Repurposing Atlantic City as a climate change resilience research/tech cluster

It’s been five years now since New Jersey Governor Chris Christie uttered this sentence: “Atlantic City is dying.

The governor’s 2010 plan to turn Atlantic City, New Jersey into “Las Vegas East”—what was it before?—has failed.

In 2014, four major casinos shuttered, including the Revel Casino Hotel, which was built in part with state money. Three of the casinos declared bankruptcy.

Has the sun finally set on the Boardwalk Empire? Not quite yet. As it stands now, the sea may rise to reclaim it first.

That’s why a prominent global architecture and design firm has a different future in mind for Atlantic City, something far from the realms of tourism and entertainment and yet very close to the heart of the Jersey Shore.

The firm, Perkins+Will, is pitching a plan to make Atlantic City into a research center for climate change and coastal resiliency.

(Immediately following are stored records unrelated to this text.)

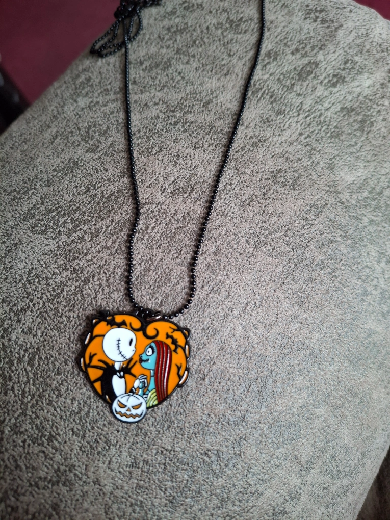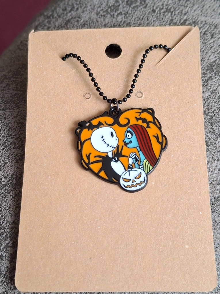 A lovely necklace featuring Jack and Sally from The Nightmare Before Christmas! It has a black chain and a colourful pendant with Jack, Sally, and a pumpkin.
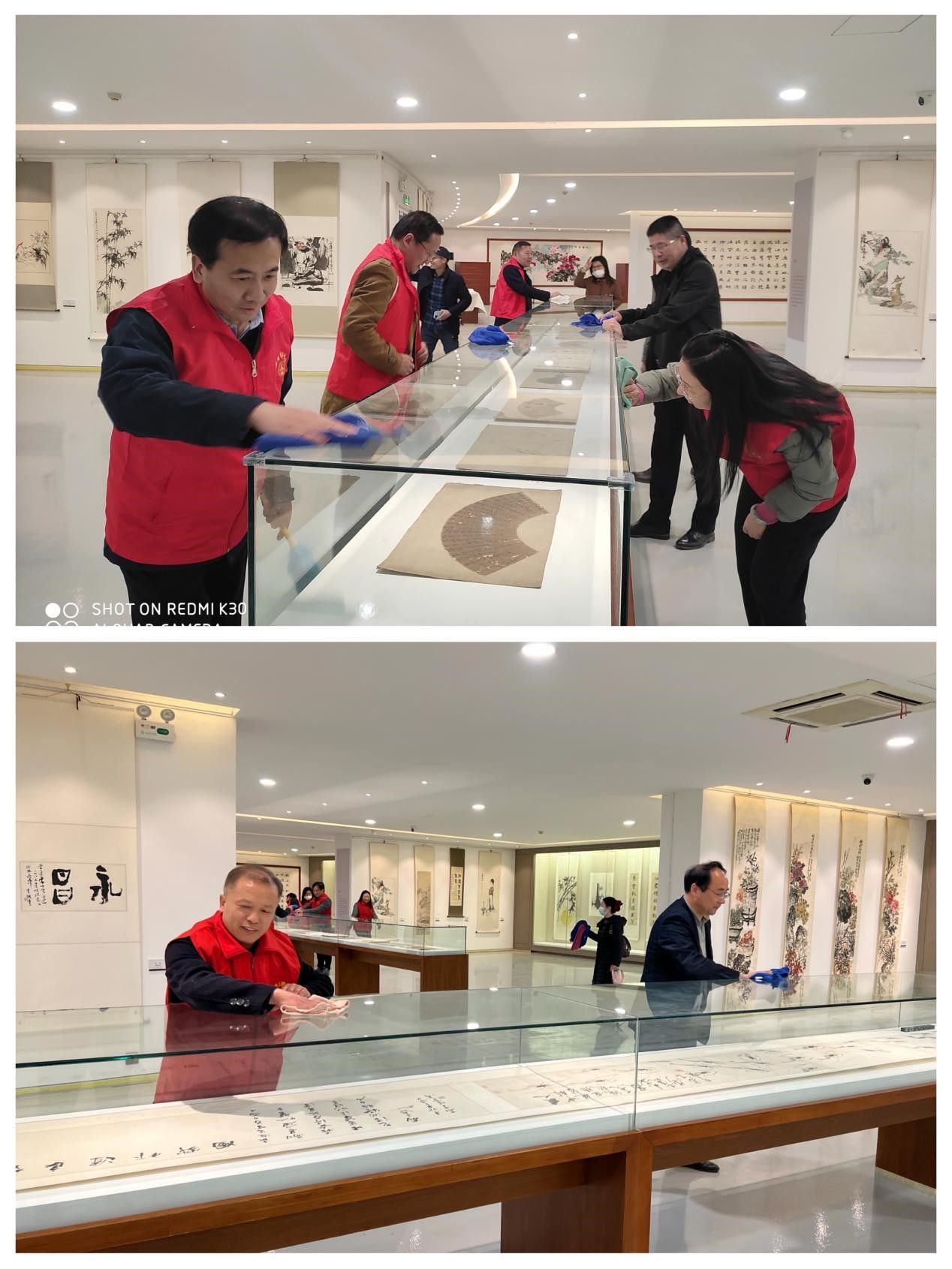 参加义务劳动的党员同志们发扬奉献精神,认真细致用抹布擦去玻璃展柜上的印渍,用鸡毛掸子弹去书画展品上的落尘,用拖把、扫帚清理展厅的犄角旮旯......。在对博物馆进行清洁打扫的同时,博物馆工作人员还穿插讲解了部分展品的艺术特点、文物价值,以及展品背后的历史知识和收藏典故。通过义务劳动和志愿者服务,党员同志们以自己的实际行动实践共产党员的先进性,诠释共产党员先进性的真正含义,进一步树立起“一名党员、一面旗帜”的良好形象,发挥了党员、干部模范带头作用。同时也深刻把握雷锋精神的时代内涵,增强了党支部的凝聚力和战斗力,让雷锋精神在新时代绽放更加璀璨的光芒,为实现高水平应用型大学的奋斗目标凝聚强大力量。
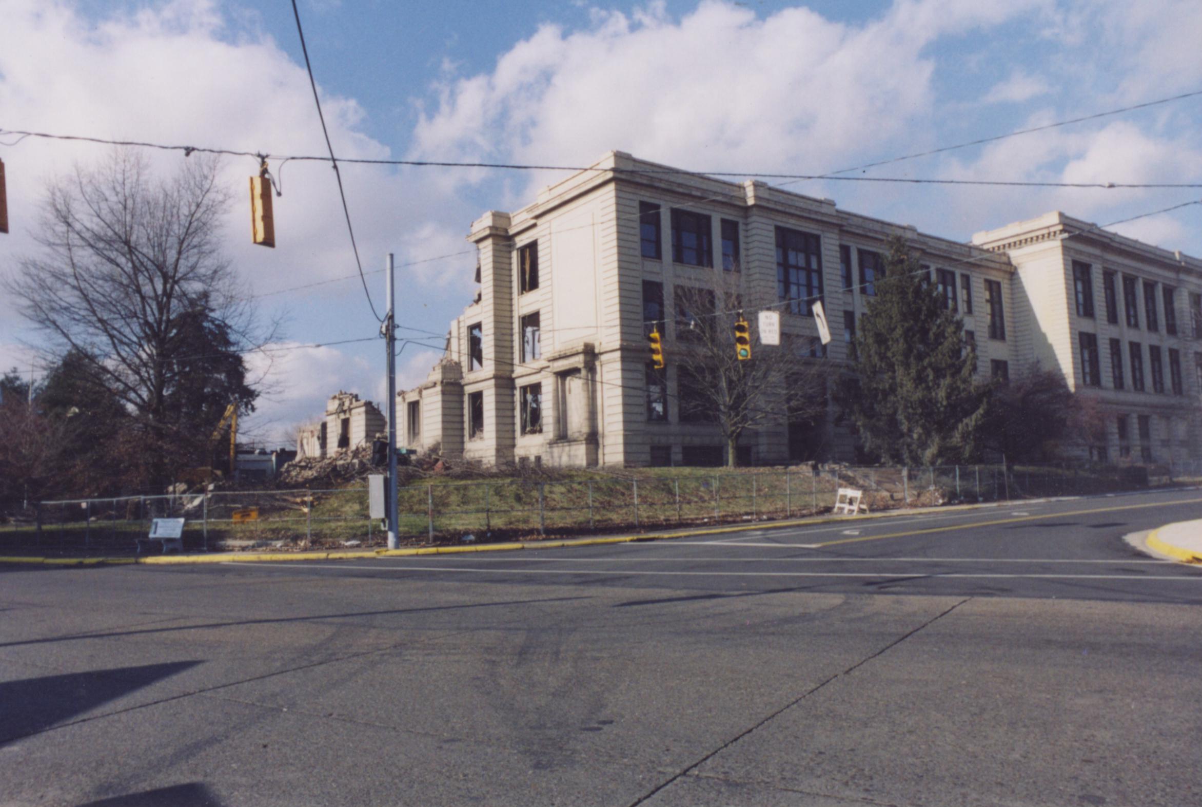 - color photo of old Portsmouth High School (1912-2007) during destruction. It was replaced by the new building.Construction began in November 2003, and the new High School was opened to students on August 23, 2006.

This scheme aims to turn Atlantic City into Defense Post One in the battle to turn back the rising tide. The firm’s brief recommends repurposing the Atlantic City Convention Center as a “civic-scale academy” for training leaders from around the world on resiliency standards, techniques, and doctrine.

Two things aligned in Atlantic City: its current economic state and its climate vulnerability,” says Daniel Windsor, senior urban designer and senior associate at Perkins+Will.